Toronto Stock Exchange (15,470.10, up 65.97 points).

Aurora Cannabis Inc. (TSX:ACB). Health care. Down 75 cents, or 5.45 per cent, to $13.01 on 39.6 million shares.

Aphria Inc. (TSX:APH). Health care. Down $1.15, or 5.91 per cent, to $18.30 on 12.2 million shares.

HEXO Corp. (TSX:HEXO). Health care. Down 95 cents, or 12.4 per cent, to $6.71 on 11.9 million shares.

Manulife Financial Corp. (TSX:MFC). Financials. Up 64 cents, or 3.17 per cent, to $20.86 on 7.6 million shares.

Bombardier Inc. (TSX:BBD.B). Industrials. Down seven cents, or 1.89 per cent, to $3.64 on 7.3 million shares.

Baytex Energy Corp. (TSX:BTE). Energy. Up 17 cents, or 6.03 per cent, to $2.99 on 5.4 million shares.

Companies reporting major news:

SNC-Lavalin Inc. (TSX:SNC). Down 98 cents, or 2.05 per cent to $46.91. The Montreal-based engineering and construction is trying to rally public support as it prepares to endure a lengthy criminal trial after federal prosecutors refused to negotiate a compensation agreement. SNC-Lavalin took out advertisements in four of Canada’s most influential newspapers on Friday in the form of a letter from its chief executive to Canadians. In it, Neil Bruce apologized for wrongdoing prior to 2012 that has tarnished the company’s reputation and said it has made “fundamental changes” in its culture and governance.

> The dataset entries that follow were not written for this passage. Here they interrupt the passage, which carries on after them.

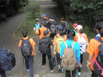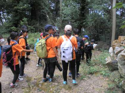だいぶ涼しくなり、登山シーズンとなりました。ワンゲル部では1年生対象のオリエンテーリング形式の登山を行ないました。本年度はコロナで中止となった踏査競技会の練習です。部員たちは、蜘蛛の巣や蚊の襲撃にも負けず、頑張ってポイントをさがしながら東山を歩きました。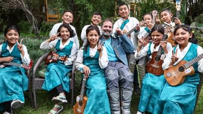 शालेय विद्यार्थ्यांशीही राहुल गांधी यांनी संवाद साधला. यावेळी त्यांनी गाण्याचा आनंद घेतला.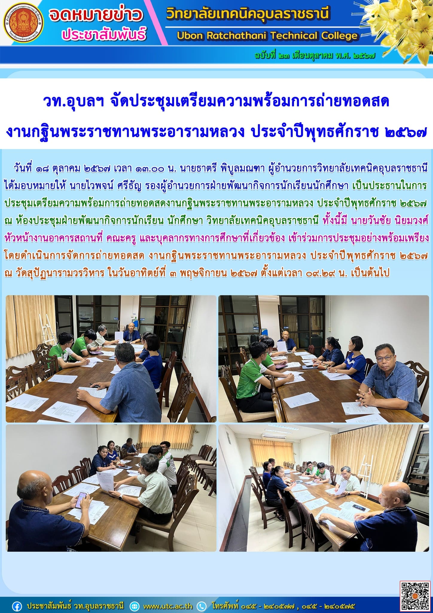 วันที่ ๑๘ ตุลาคม ๒๕๖๗ เวลา ๑๓.๐๐ น. นายธาตรี พิบูลมณฑา ผู้อำนวยการวิทยาลัยเทคนิคอุบลราชธานีได้มอบหมายให้ นายไวพจน์ ศรีธัญ รองผู้อำนวยการฝ่ายพัฒนากิจการนักเรียนนักศึกษา เป็นประธานในการประชุมเตรียมความพร้อมการถ่ายทอดสดงานกฐินพระราชทานพระอารามหลวง ประจำปีพุทธศักราช ๒๕๖๗ณ ห้องประชุมฝ่ายพัฒนากิจการนักเรียน นักศึกษา วิทยาลัยเทคนิคอุบลราชธานี ทั้งนี้มี นายวันชัย นิยมวงศ์หัวหน้างานอาคารสถานที่ คณะครู และบุคลากรทางการศึกษาที่เกี่ยวข้อง เข้าร่วมการประชุมอย่างพร้อมเพรียงโดยดำเนินการจัดการถ่ายทอดสด งานกฐินพระราชทานพระอารามหลวง ประจำปีพุทธศักราช ๒๕๖๗ ณ วัดสุปัฏนารามวรวิหาร ในวันอาทิตย์ที่ ๓ พฤษจิกายน ๒๕๖๗ ตั้งแต่เวลา ๐๙.๒๙ น. เป็นต้นไป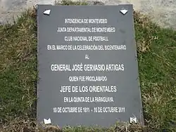 Para la ocasión acudió una delegación de la FIFA para visitar las obras, encabezada por su presidente, Joseph Blatter, y acompañado por Eugenio Figueredo, Nicolás Leoz, Ricardo Texeira y Julio Grondona.[16][62] Dicho monolito fue colocado en la salida del túnel que conecta a los vestuarios con la cancha, y en el año 2011 fue trasladado junto con otros reconocimientos para el nuevo sector, denominado "Quinta de la Paraguaya", que se encuentra en los accesos a la tribuna oficial.[63] Esta plazoleta se inauguró para conmemorar los doscientos años de que José Artigas fuese nombrado como «Jefe de los Orientales», en el terreno donde actualmente se ubica el Parque Central.[64] Años después, otra delegación de la FIFA, encabezada por su presidente Gianni Infantino, visitó el Gran Parque Central, destacando que "es un Estadio mundialista, historia pura"[65] y que "cuando estás en un sitio tan histórico es una emoción muy fuerte".[66]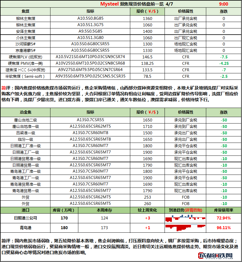7日雙焦現(xiàn)貨交易價盤前一覽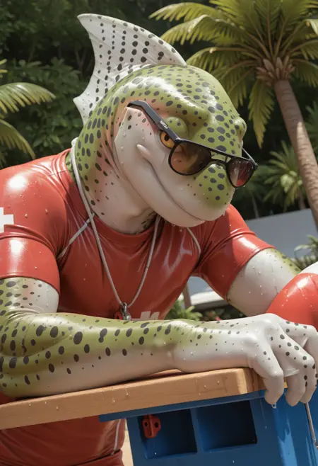 📝 Rainbowtrout 是艺术家 Greenwing 原创的角色。这是一只拟人化的彩虹鳟鱼,拥有修长健壮的身躯,皮肤呈绿粉配色,并布有深色斑点。头顶长有鳍片,双目硕大呈黄色,目光炯炯有神。其设计融合了鱼类特征与陆地生物的解剖结构。

Rogers Communications Inc. (TSX:RCI.B). Down 67 cents or one per cent to $66.82. Strong wireless results helped the telecommunications company beat analyst expectations in the third quarter and raise its full-year outlook. Wireless revenue climbed five per cent while churn, a measure of customer retention, was the best in a decade, said company CEO Joe Natale in a conference call Friday. The improved financial picture saw the company increase its outlook for adjusted earnings growth before taxes and other charges by two percentage points to between seven and nine per cent.